Robert Gorelangton

Unacceptable faces

<em>Robert Gore-Langton</em> on the revival of a play that upset critics when they realised it was written by a woman

issue 02 February 2013

A play called Rutherford & Son gripped audiences in London 101 years ago. Set on Tyneside, it was the David Hare-style leftie hit of its season. It depicted the unacceptable face of capitalism, a face that belonged to John Rutherford, who rules the family glassworks by fear, hated by his workers and his children alike. It’s still a fresh, brutal-up-north story of a monstrous control freak devoted to work and money and nothing else.

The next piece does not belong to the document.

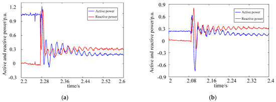 Active and reactive power generated by wind turbines under two test conditions are shown in Figure 13. As the grid codes require, wind power generators should output reactive power during the LVRT process to support grid voltage recovery. It can be concluded from Equation (3) that active power during the LVRT process under different operating conditions should be the same with the same voltage dip level. As shown in Figure 13, the reactive power is about 0.3 p.u. under both test conditions during the LVRT process as the residual voltages are the same. Reactive power output is the primary concern for DFIG-WT control, limiting the active power output capacity. The active power in the supersynchronous condition (about 0.21 p.u.) is slightly larger than that in the subsynchronous condition (about 0.14 p.u.). This is because GSC outputs active power under the supersynchronous condition and absorbs active power under the subsynchronous condition.

The show has a terrific twist at the end and it was an instant hit in London, went to New York and was widely translated. But it became a big news story when the unknown author, K.G. Sowerby, was revealed to be a woman. Women did not write plays back then. It stuck in the craw when the critics found out, some of them slimily recanting their positive views of the play. The Daily Mail tracked down its young author. The paper claimed she was pretty, the sort of girl you might expect to see eating chocolates in the shade.

But in fact Githa Sowerby, who died in 1970 aged 93, was tough and serious, a suffragist and a Fabian. She was coy about the source of her material. But she knew what she was writing about. The family in the play was based on her own. Githa had grown up in joyless comfort in Gateshead, where the Sowerby-Ellison glassworks was based, one of the world’s biggest manufacturers of pressed glass. Eventually, she made her way to London, where she lived with her sister, and together they successfully published many children’s books.

Since its debut in 1912, her play has been performed just a handful of times. Now it’s to get a tour by Northern Broadsides, whose actor and boss Barrie Rutter will play the hard-as-nails Rutherford in a tweed suit and stiff collar.